We were fucking mugs, and we let ourselves be put into that position, which meant that we couldn’t be to our community what a community is supposed to be.
As best as I can tell, googling American courtroom filings as far as Eduroam will take me from a Scottish university campus, the trials for Asmahan and Jennifer go ahead on May 19 and June 16 2025, in the same courtroom in San Francisco, for the abusive, corrupt, and disgusting behavior which it was in our power to prevent.
Those court dates must be the next, and the final, WordPress community events.
Stop the clocks. Strike the set. Kill the meetups. Cancel the WordCamps.
End the charade.
These former things are passed away.
Those two dates are the only events which the community should look forward to attending, because they are the only dates which we are worth.
Those trials are going forward because we caused them.
Their names are Asmahan Attayeb and Jennifer Westmoreland, and we are responsible for what happened to them.
Say their names.
Their names are Asmahan Attayeb and Jennifer Westmoreland.
Asmahan and Jennifer, we failed you.
Tell us what we can do to to put it right.
Updated 15 October: follow-up thread.
To be clear, I support these two ladies wholeheartedly and find what they allege in their cases to be rage-inducing.

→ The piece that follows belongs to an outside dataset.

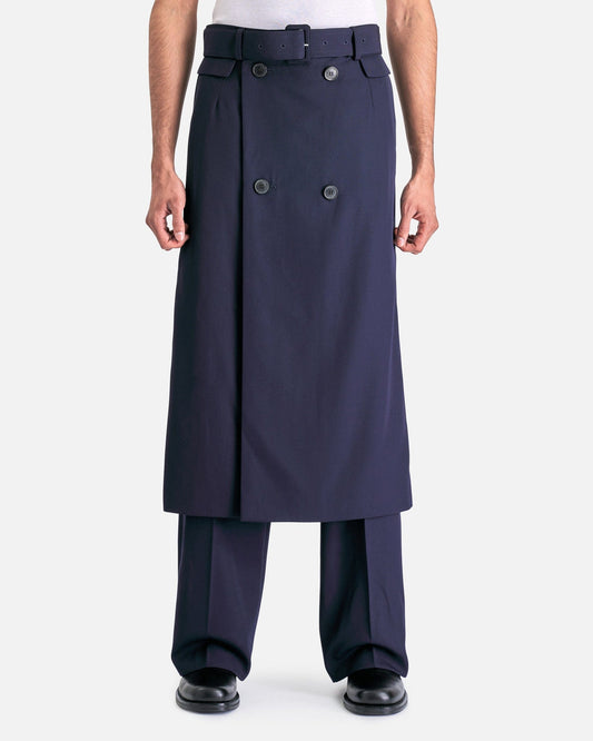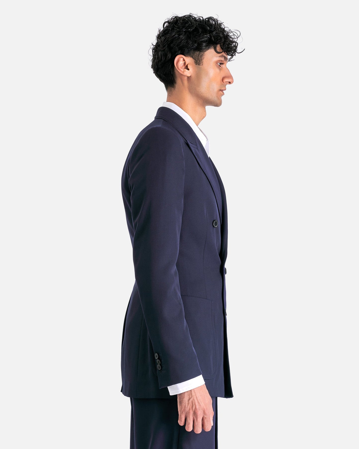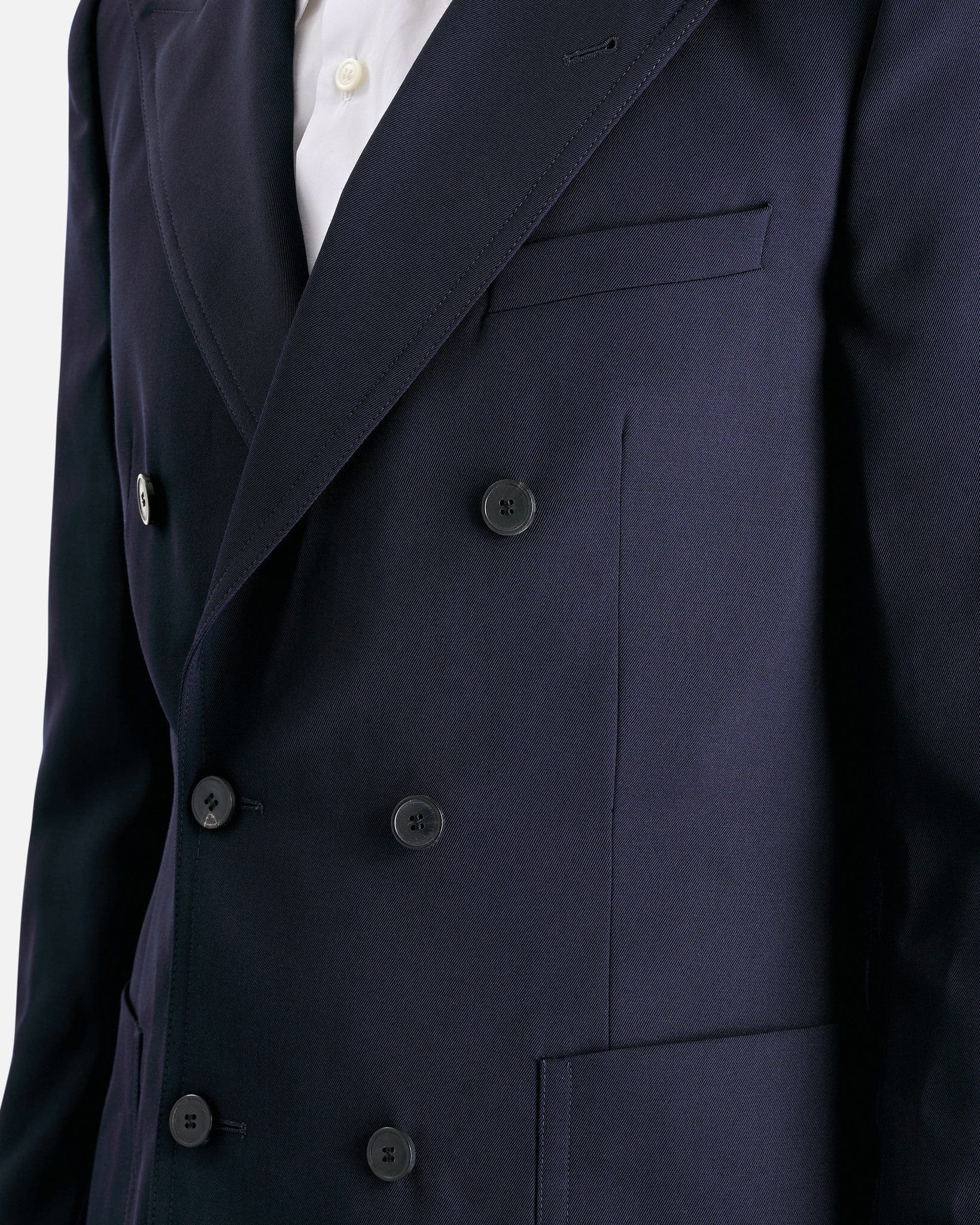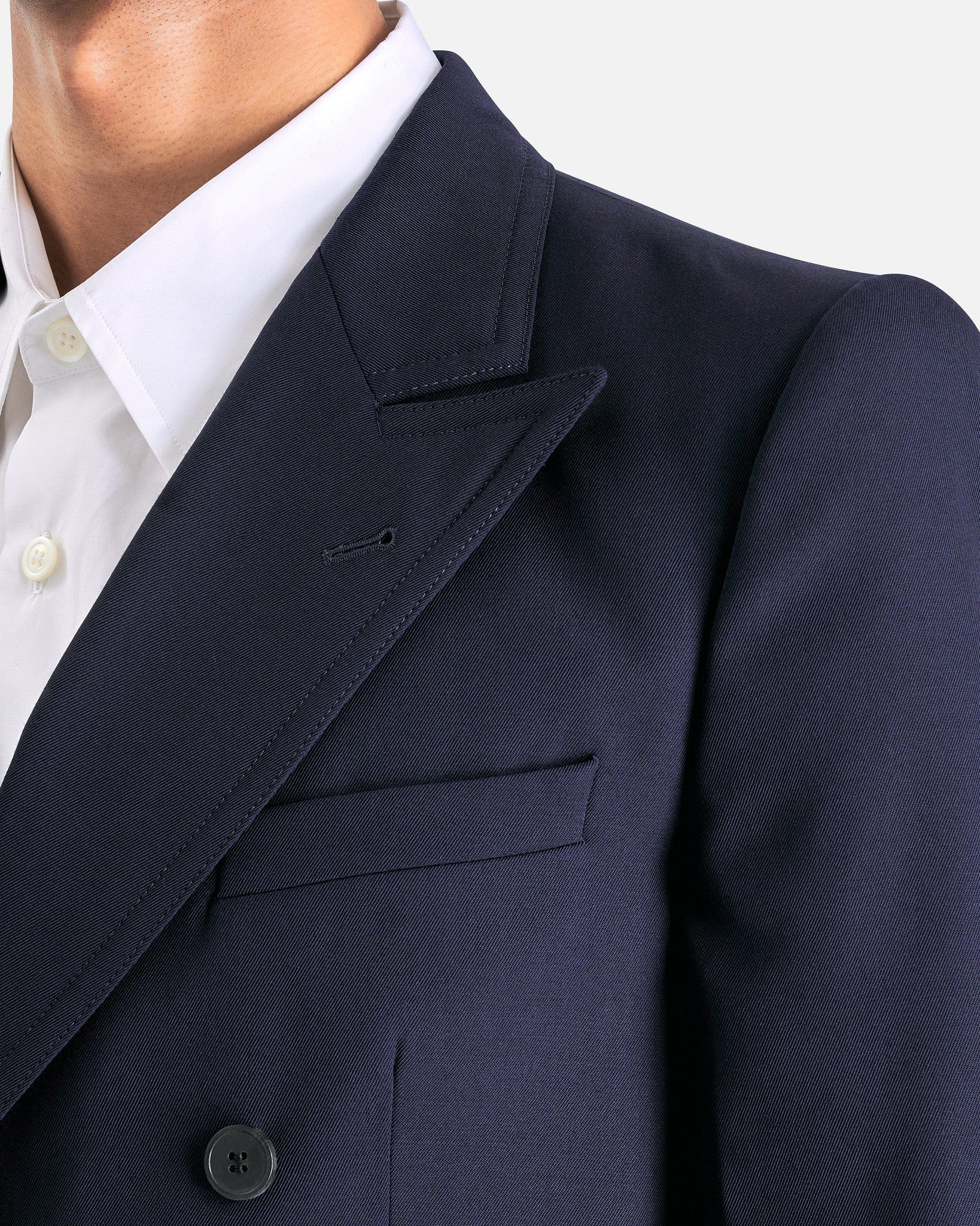 Dries Van Noten Bruce Jacket in Navy. This jacket features peaked lapels, double-breasted button closure, welt pocket and patch pockets, front darts, padded shoulders and central back vent.

Just to clarify one point, though, the two cases you cited are civil complaints, not criminal charges. In the US, criminal trials are initiated by the state/government, not private individuals.
Civil trials in the US can be Bench trials (decided by a judge) or Jury Trials (decided by an empaneled). I think that might be where any confusion might lie.
Another way to be sure that they are civil, not criminal, is that civil cases are based on “causes of actions”, where criminal trials have “charges.”
Like I said, fuck if I know how America works anymore.
To be fair, I don’t think most Americans know how America works anymore.
What a childish load of shit by a melodramatic bitch. What happens when you “say their names” a million times? Misogyny, racism, and transphobia are magically solved? The end of cis white male patriarchy? It’s all theatre for narcissistic clowns like you. “Say their names” and go sip your £10 ice matcha craputino while wailing about your oppression of the day.
Aw mate, you hit “Post Comment” before you finished formatting it! Let me sort that for you:
What a childish load of shit by a melodramatic bitch.
Parklife!
What happens when you “say their names” a million times? Misogyny, racism, and transphobia are magically solved?
Parklife!
The end of cis white male patriarchy? It’s all theatre for narcissistic clowns like you.
Parklife!
“Say their names” and go sip your £10 ice matcha craputino while wailing about your oppression of the day.
All the people, so many people, they all go hand in hand, hand in hand through their Parklife
Brilliant writing Heather. It’s quite telling that even people who don’t know Matt personally are like, “yeah that checks out”, knowing what we all do now. I needed to hear this from someone else, so thank you.